Monitoring replication slave
Note: this recipe is working with ArangoDB 2.5, you need a collectd curl_json plugin with correct boolean type mapping.
Problem
How to monitor the slave status using the collectd curl_JSON
plugin.
Solution
Since arangodb reports the replication status in JSON, integrating it with the collectd curl_JSON plugin should be an easy exercise. However, only very recent versions of collectd will handle boolean flags correctly.

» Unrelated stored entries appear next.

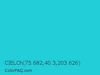 CIELCh 75.682,40.3,203.626 Color is a normal cyan color and the nearest color is Scooter #2ebfd4. Hex code #21ced7 and RGB value is rgb(33,206,215). In RGB color space, this color is composed of 13% red, 81% green, 84% blue, In CMYK color space, this color is composed of 85% cyan, 4% magenta, 0% yellow , 16% black , In HSL color space, this color has a hue angle of 183° , 73% saturation and 49% lightness.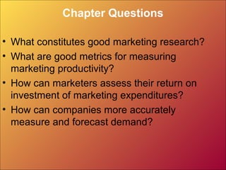 Chapter Questions • Whatconstitutes good marketing research? • What are good metrics for measuring marketing productivity? • How can marketers assess their return on investment of marketing expenditures? • How can companies more accurately measure and forecast demand?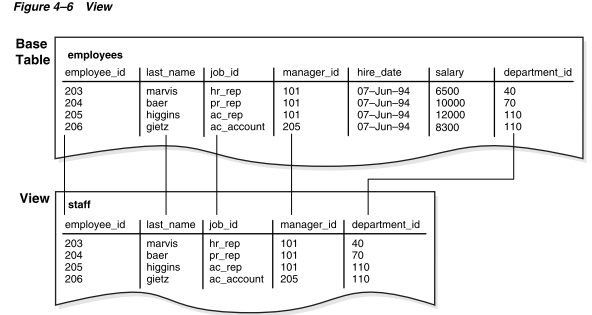 例如,图4-6显示了staff视图不显示基表employees的salary或commission_pct列。

Our test master/slave setup runs with the master listening on tcp://127.0.0.1:8529
and the slave (which we query) listening on tcp://127.0.0.1:8530
. They replicate a database by the name testDatabase
.
Since replication appliers are active per database and our example doesn’t use the default _system
, we need to specify its name in the URL like this: _db/testDatabase
.
We need to parse a document from a request like this:
curl --dump - http://localhost:8530/_db/testDatabase/_api/replication/applier-state
If the replication is not running the document will look like that:
{
"state": {
"running": false,
"lastAppliedContinuousTick": null,
"lastProcessedContinuousTick": null,
"lastAvailableContinuousTick": null,
"safeResumeTick": null,
"progress": {
"time": "2015-11-02T13:24:07Z",
"message": "applier shut down",
"failedConnects": 0
},
"totalRequests": 1,
"totalFailedConnects": 0,
"totalEvents": 0,
"totalOperationsExcluded": 0,
"lastError": {
"time": "2015-11-02T13:24:07Z",
"errorMessage": "no start tick",
"errorNum": 1413
},
"time": "2015-11-02T13:31:53Z"
},
"server": {
"version": "2.7.0",
"serverId": "175584498800385"
},
"endpoint": "tcp://127.0.0.1:8529",
"database": "testDatabase"
}
A running replication will return something like this:
{
"state": {
"running": true,
"lastAppliedContinuousTick": "1150610894145",
"lastProcessedContinuousTick": "1150610894145",
"lastAvailableContinuousTick": "1151639153985",
"safeResumeTick": "1150610894145",
"progress": {
"time": "2015-11-02T13:49:56Z",
"message": "fetching master log from tick 1150610894145",
"failedConnects": 0
},
"totalRequests": 12,
"totalFailedConnects": 0,
"totalEvents": 2,
"totalOperationsExcluded": 0,
"lastError": {
"errorNum": 0
},
"time": "2015-11-02T13:49:57Z"
},
"server": {
"version": "2.7.0",
"serverId": "175584498800385"
},
"endpoint": "tcp://127.0.0.1:8529",
"database": "testDatabase"
}
We create a simple collectd configuration in /etc/collectd/collectd.conf.d/slave_testDatabase.conf
that matches our API:
TypesDB "/etc/collectd/collectd.conf.d/slavestate_types.db"
<Plugin curl_json>
# Adjust the URL so collectd can reach your arangod slave instance:
<URL "http://localhost:8530/_db/testDatabase/_api/replication/applier-state">
# Set your authentication to that database here:
# User "foo"
# Password "bar"
<Key "state/running">
Type "boolean"
</Key>
<Key "state/totalOperationsExcluded">
Type "counter"
</Key>
<Key "state/totalRequests">
Type "counter"
</Key>
<Key "state/totalFailedConnects">
Type "counter"
</Key>
</URL>
</Plugin>
To get nice metric names, we specify our own types.db
file in /etc/collectd/collectd.conf.d/slavestate_types.db
:
boolean value:ABSOLUTE:0:1
So, basically state/running
will give you 0
/1
if its (not / ) running through the collectd monitor.